## WHAT TO WORK ON
Lines from the beginning of the material below through the line that has "- 입학 전형 정보: 각" are to be reproduced exactly, but pictures are not.

## DATA TO EXAMINE

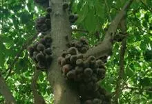 大果榕是桑科榕属的小乔木,株高可达10米;幼枝被柔毛;叶互生,宽卵状心形或近圆形;雄花无梗、匙形、花丝长,雌花生于雌株榕果内,子房白色;榕果簇生于树干基部或老茎短枝上、扁球形或陀螺形,…全部>>
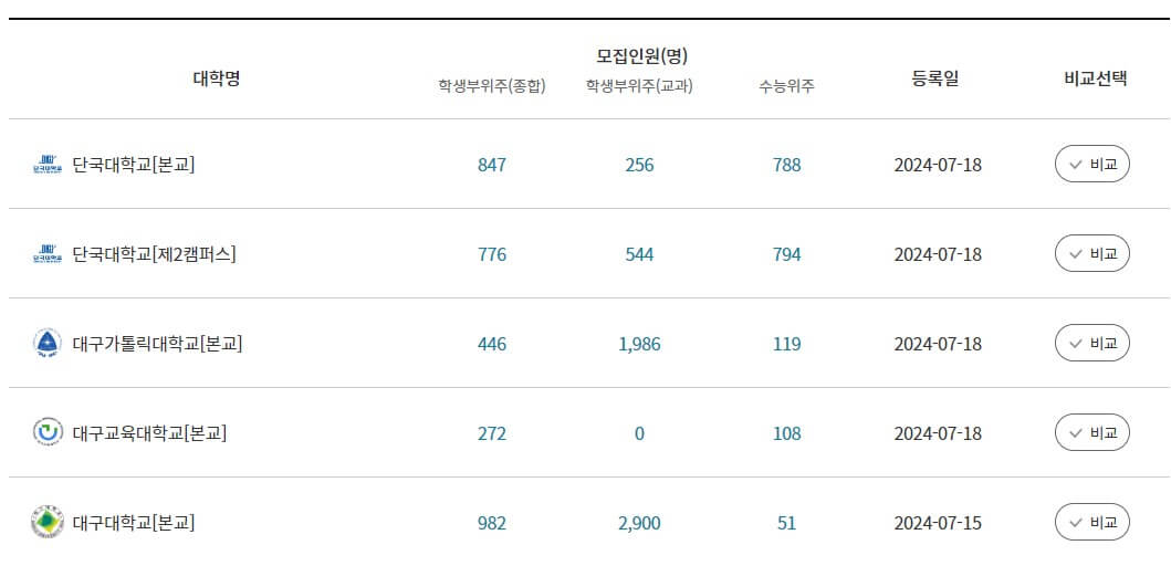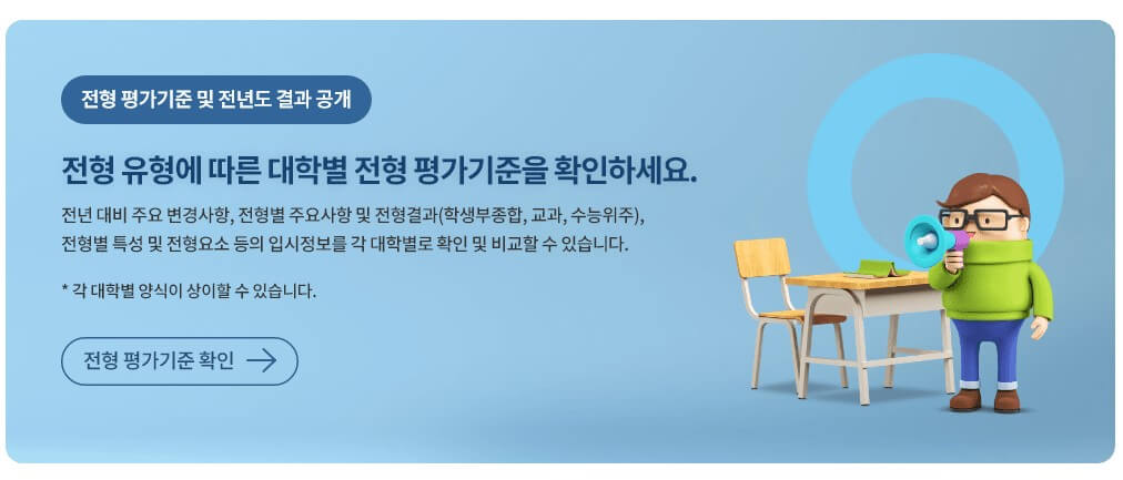 - 입학 전형 정보: 각 대학의 입학 전형에 대한 상세 정보를 제공하여, 수시 및 정시 전형에 대한 이해를 돕습니다.
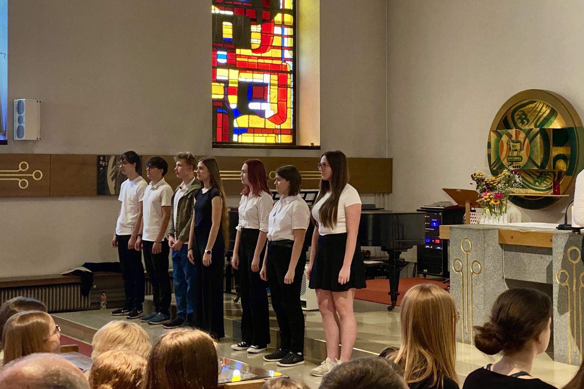 Zum dritten Mal in diesem Schuljahr wurde zur Petriner Hausmesse geladen. Und zum dritten Mal folgten viele dieser Einladung. Sehr viele, um genau zu sein, denn die Schüler*innen aus den ersten, fünften und sechsten Klassen, die unter der Leitung von Mag.a Tanzler für die musikalische Gestaltung sorgten, hatten die Freude vor vollem Haus singen und spielen zu dürfen. Das hatten sie sich auch redlich verdient: Egal ob klassisches Liedgut, englische Balladen oder Soul/alternative Rock, alles wurde souverän dargeboten. Ganz zu schweigen von den instrumentalen Stücken, bei denen die Klasse der Schüler*innen deutlich sichtbar wurde. An dieser Stelle ganz herzlichen Dank an alle Schüler*innen, Kollegin Tanzler, Kollegen Altkind an der Orgel und die Eltern Vera Kral und Daniela Mülleder, die zur Unterstützung mitgespielt haben.
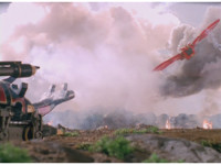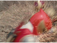 Explosions erupt around Insectizord, before the flaming Hawkzord curls around it, repeatedly circling it, Red gesturing briefly, before a flaming boulder rolls away, Crimson talking inside the flaming cockpit, as the boulder erupts to reveal Insectizord safely within, Crimson reaches down and presses a button, firing Insectizord's cannon and guns forth, blasting all around Hawkzord, shaking up the cockpit as it swoops down from on high. |
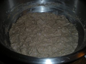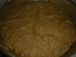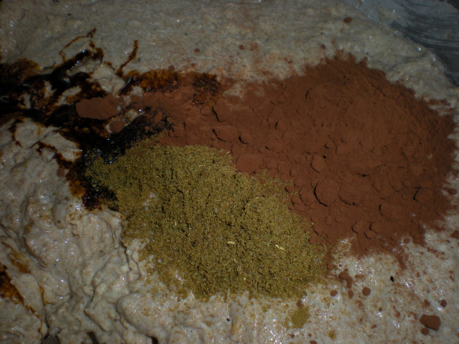 Next day, grind up the cumin and mix the spices with the flour. Add molasses, cocoa, coffee, and melted butter into the bowl from yesterday.

## EXPECTED OUTPUT
 大果榕是桑科榕属的小乔木,株高可达10米;幼枝被柔毛;叶互生,宽卵状心形或近圆形;雄花无梗、匙形、花丝长,雌花生于雌株榕果内,子房白色;榕果簇生于树干基部或老茎短枝上、扁球形或陀螺形,…全部>>
 - 입학 전형 정보: 각 대학의 입학 전형에 대한 상세 정보를 제공하여, 수시 및 정시 전형에 대한 이해를 돕습니다.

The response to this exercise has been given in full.